Task to carry out.
Copy out the data below as written; omit any images.

Data to use.
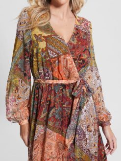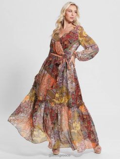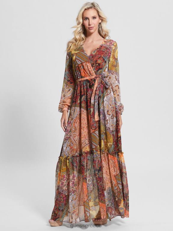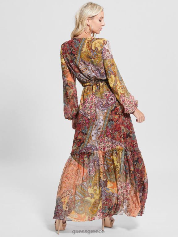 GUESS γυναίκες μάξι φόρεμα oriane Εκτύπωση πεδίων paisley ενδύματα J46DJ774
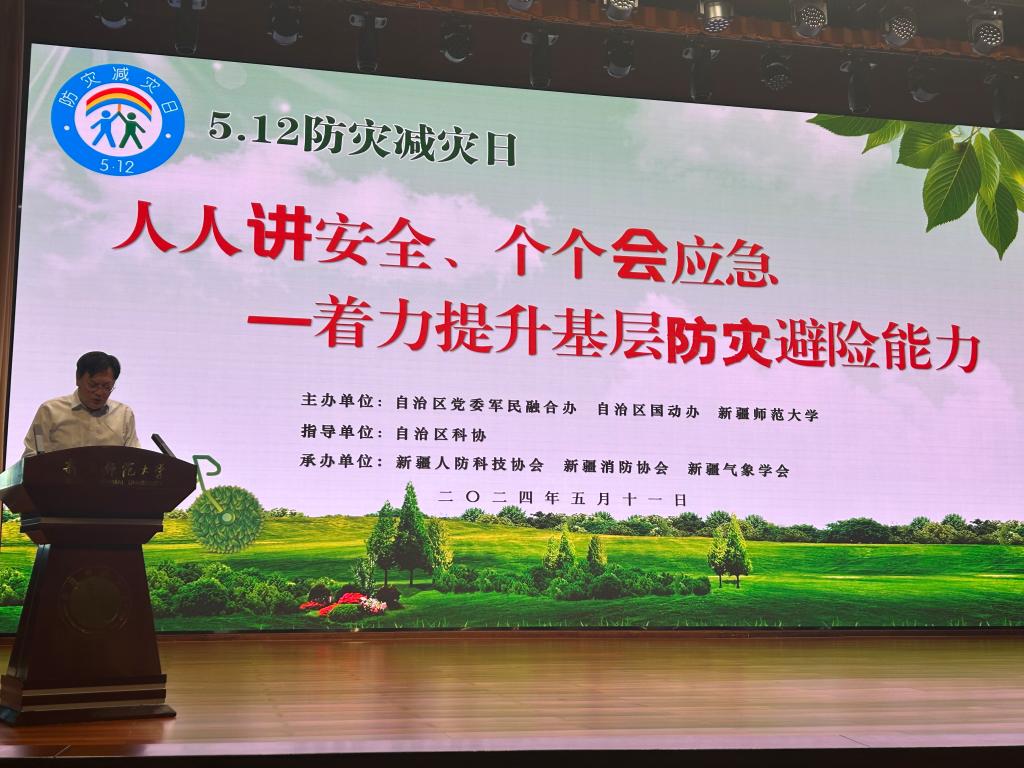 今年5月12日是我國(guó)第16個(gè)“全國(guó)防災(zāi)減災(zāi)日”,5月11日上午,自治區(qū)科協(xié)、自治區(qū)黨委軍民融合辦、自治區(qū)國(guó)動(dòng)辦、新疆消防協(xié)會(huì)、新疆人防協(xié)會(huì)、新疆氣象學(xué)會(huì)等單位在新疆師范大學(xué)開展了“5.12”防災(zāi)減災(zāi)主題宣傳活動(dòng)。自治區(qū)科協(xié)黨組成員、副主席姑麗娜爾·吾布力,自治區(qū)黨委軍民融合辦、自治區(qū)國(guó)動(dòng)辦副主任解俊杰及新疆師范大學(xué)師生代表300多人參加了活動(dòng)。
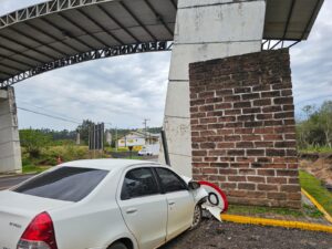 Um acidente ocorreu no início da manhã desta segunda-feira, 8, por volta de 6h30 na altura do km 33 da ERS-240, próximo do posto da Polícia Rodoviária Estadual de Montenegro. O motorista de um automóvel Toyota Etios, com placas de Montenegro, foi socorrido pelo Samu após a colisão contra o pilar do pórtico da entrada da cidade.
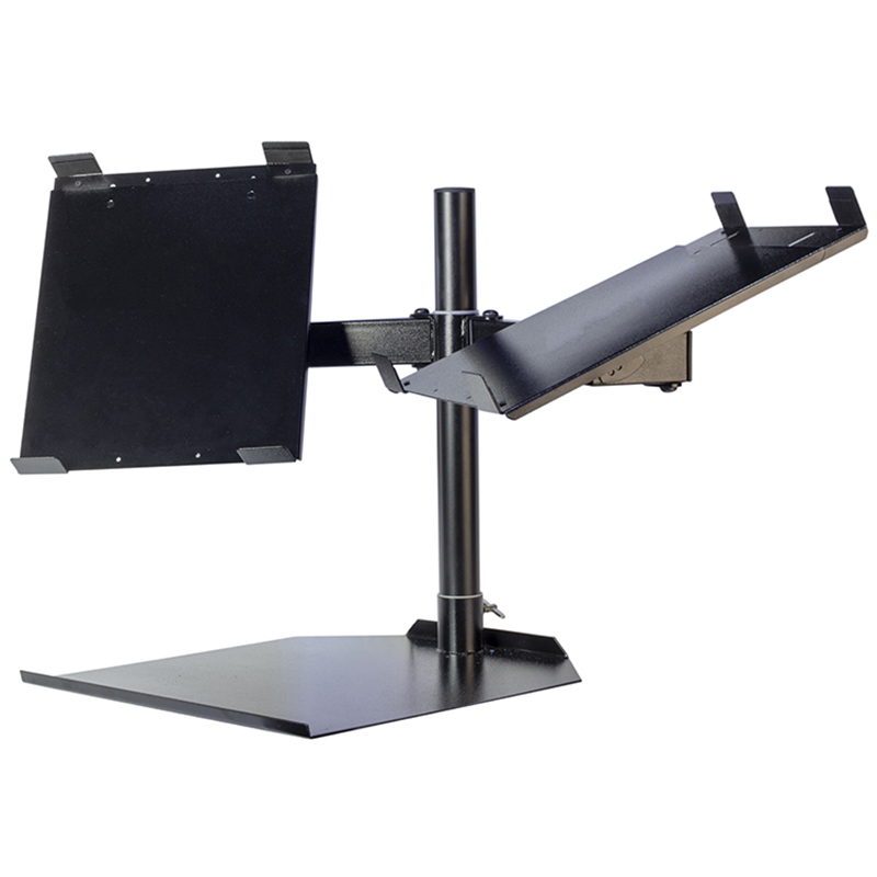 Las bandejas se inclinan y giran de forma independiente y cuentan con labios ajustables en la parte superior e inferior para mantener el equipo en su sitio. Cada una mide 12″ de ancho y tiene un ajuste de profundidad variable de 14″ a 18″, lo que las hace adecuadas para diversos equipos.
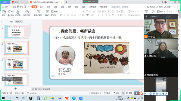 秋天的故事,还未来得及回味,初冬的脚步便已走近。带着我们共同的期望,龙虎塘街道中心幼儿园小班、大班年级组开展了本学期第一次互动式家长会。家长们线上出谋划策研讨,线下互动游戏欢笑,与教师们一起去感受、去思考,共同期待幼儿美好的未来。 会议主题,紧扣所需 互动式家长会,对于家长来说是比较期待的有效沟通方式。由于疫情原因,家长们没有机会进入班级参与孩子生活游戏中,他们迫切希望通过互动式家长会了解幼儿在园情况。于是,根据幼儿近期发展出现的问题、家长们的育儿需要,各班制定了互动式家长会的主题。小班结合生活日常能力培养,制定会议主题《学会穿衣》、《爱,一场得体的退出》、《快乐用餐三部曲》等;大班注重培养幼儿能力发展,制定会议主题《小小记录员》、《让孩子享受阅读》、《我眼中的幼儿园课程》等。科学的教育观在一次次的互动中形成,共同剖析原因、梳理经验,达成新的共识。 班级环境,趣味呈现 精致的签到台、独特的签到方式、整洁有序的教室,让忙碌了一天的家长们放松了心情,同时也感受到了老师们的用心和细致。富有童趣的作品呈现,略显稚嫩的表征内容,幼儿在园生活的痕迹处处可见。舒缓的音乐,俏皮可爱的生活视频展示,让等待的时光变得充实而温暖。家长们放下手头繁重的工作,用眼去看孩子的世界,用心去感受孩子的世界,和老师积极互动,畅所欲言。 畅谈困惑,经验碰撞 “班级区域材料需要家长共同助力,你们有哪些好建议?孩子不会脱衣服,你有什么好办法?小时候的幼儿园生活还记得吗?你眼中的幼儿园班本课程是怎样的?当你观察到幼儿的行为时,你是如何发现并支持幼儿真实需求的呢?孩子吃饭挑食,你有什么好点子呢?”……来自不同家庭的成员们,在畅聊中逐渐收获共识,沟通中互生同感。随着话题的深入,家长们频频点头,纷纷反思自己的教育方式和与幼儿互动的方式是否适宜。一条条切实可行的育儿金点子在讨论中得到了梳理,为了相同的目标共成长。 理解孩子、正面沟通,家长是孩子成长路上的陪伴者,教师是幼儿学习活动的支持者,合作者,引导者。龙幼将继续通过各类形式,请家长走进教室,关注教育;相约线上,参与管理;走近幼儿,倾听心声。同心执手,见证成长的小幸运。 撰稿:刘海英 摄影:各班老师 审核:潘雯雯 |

Answer box.
 GUESS γυναίκες μάξι φόρεμα oriane Εκτύπωση πεδίων paisley ενδύματα J46DJ774
 今年5月12日是我國(guó)第16個(gè)“全國(guó)防災(zāi)減災(zāi)日”,5月11日上午,自治區(qū)科協(xié)、自治區(qū)黨委軍民融合辦、自治區(qū)國(guó)動(dòng)辦、新疆消防協(xié)會(huì)、新疆人防協(xié)會(huì)、新疆氣象學(xué)會(huì)等單位在新疆師范大學(xué)開展了“5.12”防災(zāi)減災(zāi)主題宣傳活動(dòng)。自治區(qū)科協(xié)黨組成員、副主席姑麗娜爾·吾布力,自治區(qū)黨委軍民融合辦、自治區(qū)國(guó)動(dòng)辦副主任解俊杰及新疆師范大學(xué)師生代表300多人參加了活動(dòng)。
 Um acidente ocorreu no início da manhã desta segunda-feira, 8, por volta de 6h30 na altura do km 33 da ERS-240, próximo do posto da Polícia Rodoviária Estadual de Montenegro. O motorista de um automóvel Toyota Etios, com placas de Montenegro, foi socorrido pelo Samu após a colisão contra o pilar do pórtico da entrada da cidade.
 Las bandejas se inclinan y giran de forma independiente y cuentan con labios ajustables en la parte superior e inferior para mantener el equipo en su sitio. Cada una mide 12″ de ancho y tiene un ajuste de profundidad variable de 14″ a 18″, lo que las hace adecuadas para diversos equipos.
 秋天的故事,还未来得及回味,初冬的脚步便已走近。带着我们共同的期望,龙虎塘街道中心幼儿园小班、大班年级组开展了本学期第一次互动式家长会。家长们线上出谋划策研讨,线下互动游戏欢笑,与教师们一起去感受、去思考,共同期待幼儿美好的未来。 会议主题,紧扣所需 互动式家长会,对于家长来说是比较期待的有效沟通方式。由于疫情原因,家长们没有机会进入班级参与孩子生活游戏中,他们迫切希望通过互动式家长会了解幼儿在园情况。于是,根据幼儿近期发展出现的问题、家长们的育儿需要,各班制定了互动式家长会的主题。小班结合生活日常能力培养,制定会议主题《学会穿衣》、《爱,一场得体的退出》、《快乐用餐三部曲》等;大班注重培养幼儿能力发展,制定会议主题《小小记录员》、《让孩子享受阅读》、《我眼中的幼儿园课程》等。科学的教育观在一次次的互动中形成,共同剖析原因、梳理经验,达成新的共识。 班级环境,趣味呈现 精致的签到台、独特的签到方式、整洁有序的教室,让忙碌了一天的家长们放松了心情,同时也感受到了老师们的用心和细致。富有童趣的作品呈现,略显稚嫩的表征内容,幼儿在园生活的痕迹处处可见。舒缓的音乐,俏皮可爱的生活视频展示,让等待的时光变得充实而温暖。家长们放下手头繁重的工作,用眼去看孩子的世界,用心去感受孩子的世界,和老师积极互动,畅所欲言。 畅谈困惑,经验碰撞 “班级区域材料需要家长共同助力,你们有哪些好建议?孩子不会脱衣服,你有什么好办法?小时候的幼儿园生活还记得吗?你眼中的幼儿园班本课程是怎样的?当你观察到幼儿的行为时,你是如何发现并支持幼儿真实需求的呢?孩子吃饭挑食,你有什么好点子呢?”……来自不同家庭的成员们,在畅聊中逐渐收获共识,沟通中互生同感。随着话题的深入,家长们频频点头,纷纷反思自己的教育方式和与幼儿互动的方式是否适宜。一条条切实可行的育儿金点子在讨论中得到了梳理,为了相同的目标共成长。 理解孩子、正面沟通,家长是孩子成长路上的陪伴者,教师是幼儿学习活动的支持者,合作者,引导者。龙幼将继续通过各类形式,请家长走进教室,关注教育;相约线上,参与管理;走近幼儿,倾听心声。同心执手,见证成长的小幸运。 撰稿:刘海英 摄影:各班老师 审核:潘雯雯 |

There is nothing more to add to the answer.